# saddle help please



## smrobs (Jul 30, 2008)

I've heard of Steele trees and have heard that they are really good (never owned one myself though). I've never heard of the other brand.

Do you know the general dimensions you're looking for? If you need a FQHB with a 7" gullet, you might look at Corriente. My family has 3 and I'm currently considering getting another. Really affordable and super good working quality for the price. Mine fits my 16.2 hand, 1500 pound draft cross.


----------



## copper (Mar 1, 2014)

i am needing a saddle more in the endurace catagory. corrientes are nice tho., i've been around them.


----------



## smrobs (Jul 30, 2008)

Oops LOL. Guess it might help if I'd actually read the _section _that the thread is in :wink:.
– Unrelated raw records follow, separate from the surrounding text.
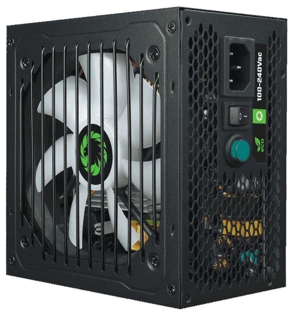 Мощность 500 Вт, стандарт ATX12V 2.3, PFC активный, система охлаждения 1 вентилятор, защита от перенапряжения, защита от перегрузки, защита от короткого замыкания, размеры 86x150x140 мм.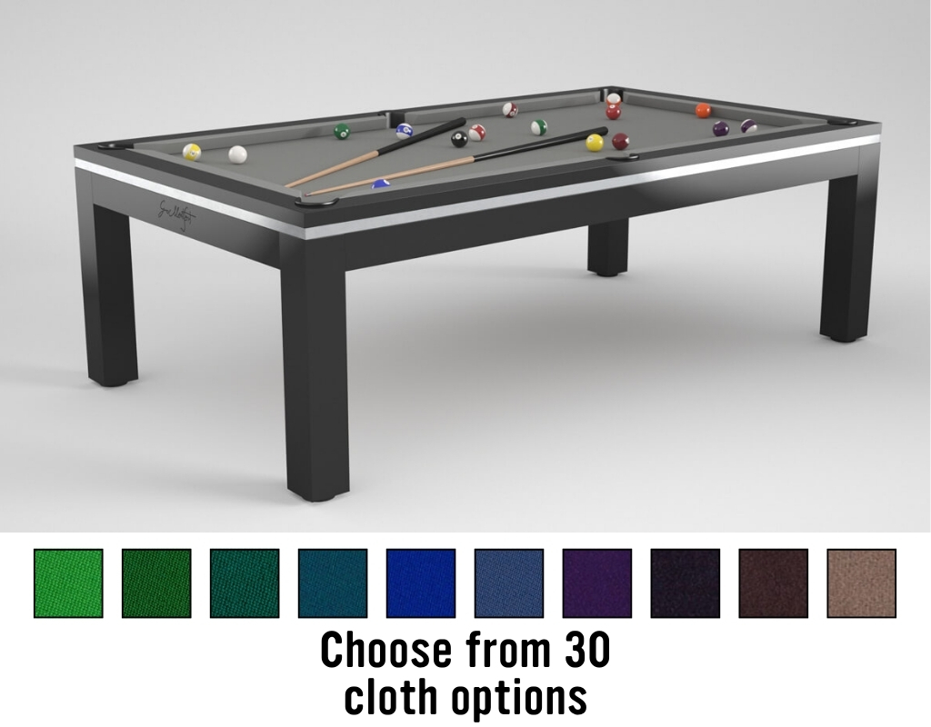 It uses a sectional slate bed on all sizes, ensuring a rock-solid, stable and precise playing surface. The table is also fitted with high-grade tournament quality Simonis cloth as standard and is available in a wide range of finishes, including 10-layer sprayed gloss paintwork for exceptional shine and durability.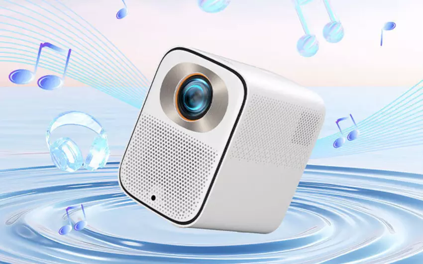 Der Xiaoxin 100GT verfügt über eine 360-Grad-Projektionsfunktion, mit der Sie Bilder an Decken, Wände oder Tische projizieren können. Darüber hinaus verfügt der Projektor über eine Technologie mit geringem Blaulichtanteil, um die Belastung der Augen zu reduzieren. Die 5-Watt-Lautsprecher liefern einen hochwertigen Klang, der auf niedrige Frequenzen bis zu 80 Hz abgestimmt ist.
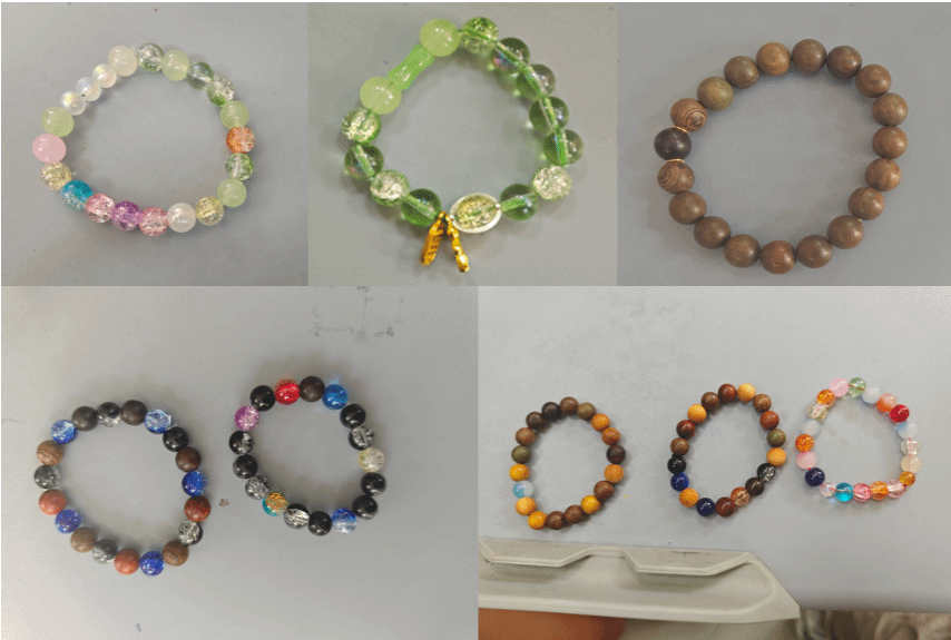 活动现场准备了多种色彩的琉璃珠饰、木质珠饰、金属配件及编织绳,搭配醇香奶茶,为参与者营造了轻松愉悦的创作环境。同学们或伏案构思设计,或互相探讨配色方案,将不同材质与形状的珠饰巧妙组合。有人以渐变珠串编织出手链,有人用纯色珠排列出几何韵律美,还有人在基础款式中加入小巧思,打造出简约而不简单的日常配饰。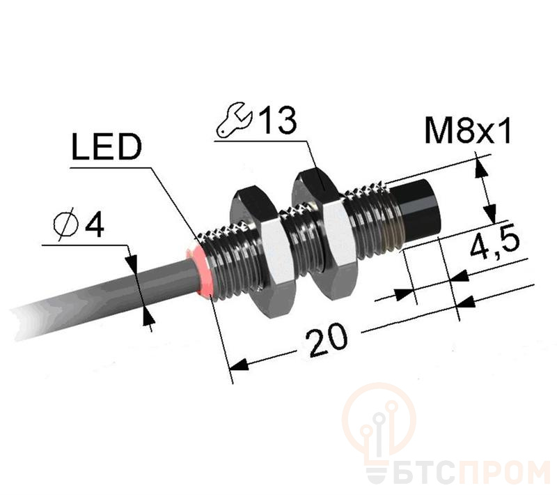 Ключевые характеристики: тип PNP (NO), напряжение питания 10-30 В постоянного тока, ток нагрузки до 200 мА, степень защиты IP67, что гарантирует устойчивость к пыли и влаге. Корпус выполнен из латуни с никелевым покрытием, резьба M20x1.5 для удобного монтажа. Компактный цилиндрический форм-фактор и встроенный светодиодный индикатор состояния облегчают установку и диагностику.
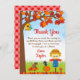 Esta divertida y linda tarjeta de agradecimiento presenta a un espantapájaros con una camisa de cuadros rojos y pantalones de mezclilla azules y un sombrero. Al fondo hay un árbol con hojas de otoño, una casa de pájaros, una ardilla que busca nueces, un adorable cuervo sobre una calabaza y un hongo de sombrerito. El texto combina letra manuscrita y fuentes sans serif para un estilo moderno y elegante. Esto es perfecto para un cumpleaños de otoño.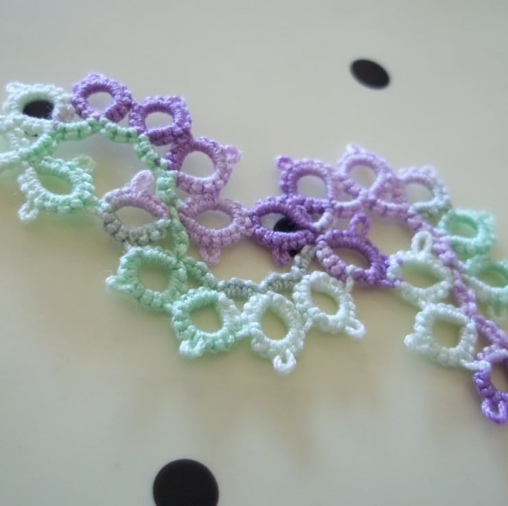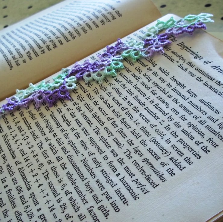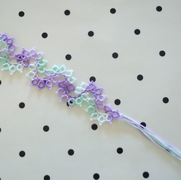 Tatting is an intricate form of knotted lace made with a small shuttle. Here a rippling design has been created with intricate loops and rings making this a pleasing item to keep place in your favourite read. Perfect as a gift or treat for yourself. The cotton used is variegated meaning that no two items created will be exactly the same. This pattern has been designed by the maker. The bookmark is finished off with multi stranded loose cotton tail. Approximate measurements are eight inches long (20cm) including tail by one inch (2.5cm) wide. Bookmark with come presented on a card backing wrapped in clear cellophane.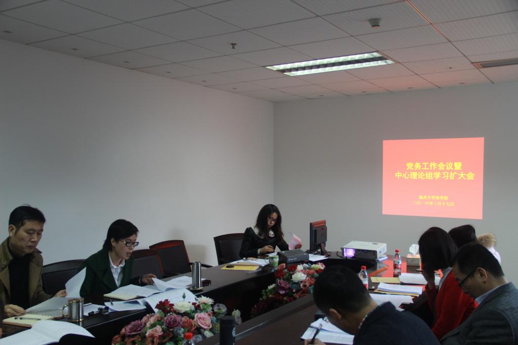 3月17日上午,我院召开本学期第一次党务工作会议暨中心理论组学习扩大会,院党总支书记郑彩莲,副书记刘开练,副院长罗建利,各总支委员及支部书记参加会议。会议由刘开练副书记主持。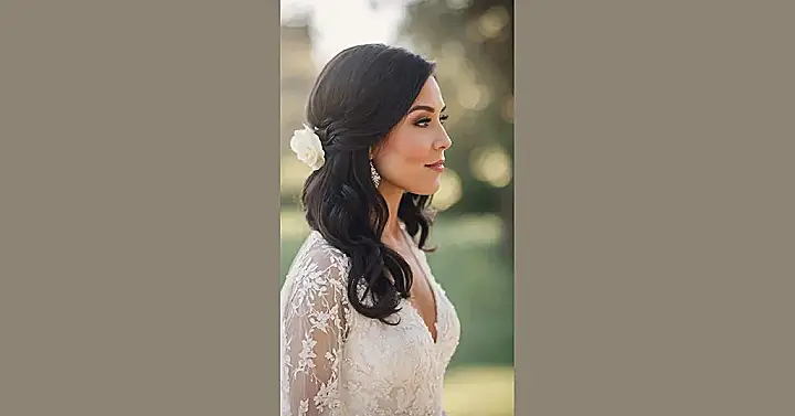 Planning a wedding can feel like a super fancy scavenger hunt, but at least finding amazing hair ideas doesn’t have to be hard! Take a peek at this bride’s stunning look: beautiful dark waves, half-up and half-down, with a sweet twist keeping everything perfectly in place. And that fresh white rose tucked in? It’s not just pretty, it’s also probably super helpful for hiding any stray hairs that tried to escape the party! This style says, “I’m elegant, but I’m also ready to hit the dance floor without my hair getting in my champagne.”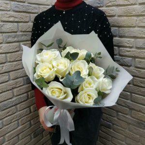 Букет из 7 белых роз с эвкалиптом
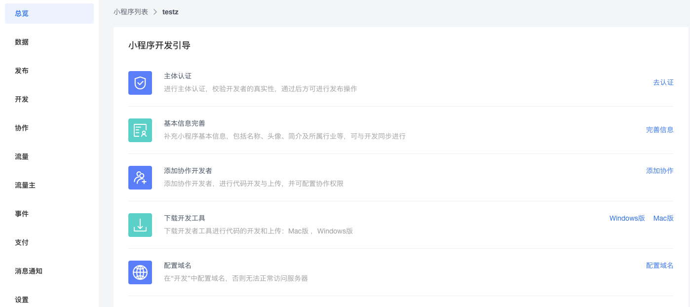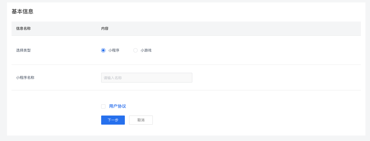 填写信息 进入开发者平台,登录帐号后,点击「进入开发者平台」,点击「创建一个小程序」。  点击创建小程序,即进入下图所示页面,按提示输入相关内容。  点击下一步之后需进行账号手机动态验证,验证成功即可进入小程序后台。  根据小程序开发引导,完整小程序对应的基础信息填写,请如实填写相关信息。 特别注意:基本信息中的分类请如实填写,将影响小程序的推荐精准度;小程序服务类型请如实填写,不同类型需上传不同的服务资格证明。

Just came across it on the "new posts" list.


----------



## Dustbunny (Oct 22, 2012)

Welcome to the form.

A week isn't very long to be looking. Patience! Many of us look for months...or longer. If you are in a big hurry you are likely to settle for something you will have to turn around and resell.

If you are shopping online just make sure you are familiar with the make and model you are bidding on.

Good luck. In my opinion, shopping for the right saddle is no easy task.


----------



## greentree (Feb 27, 2013)

I have a Henry Miller for my gaited horses. My Mennonite tack guy has a used one with the English stirrups(vs a western fender like mine.) $500.00, I think. It has a horn, I think. I like it, but have not done more than about 8 miles in it. 

I could do without the horn.

Nancy


----------



## KAB (Mar 12, 2011)

*saddle help*

Desoto saddle.


----------



## KAB (Mar 12, 2011)

*saddle help*

Try a Desoto saddle.Made by endurance person.They can be found used.West Of Ole England tack shop in Stuart Fl. has one on consignment.It has a wide tree.You can also call the maker and give her the number on the saddle and she can tell you if she thinks it will fit your horse.Good luck with your search.


----------



## tinyliny (Oct 31, 2009)

arent Desoto's hard to find?


----------



## Saddlebag (Jan 17, 2011)

Google horsesaddleshop and download the free templates. My walker needs an extra wide but they don't exist in western except for draft but his back isn't long enough for a draft. Using a heavy wire coat hanger I formed it to his back. As I make saddle inquiries, I ask for a front on pic, taken from a crouching position and I am able to compare the wire to the prospective saddle. It is the tree size you should be shopping for as well as seat size.


----------



## copper (Mar 1, 2014)

i'm looking into an "allegany mt. trail saddles''. the renegade style endurance., comes with great standard features, they send a 'fit kit' and guarantee the fit. 

anybody have any info on this company? looks so good. and their new price isn't much higher than many other's used prices, with a custom fit?!


----------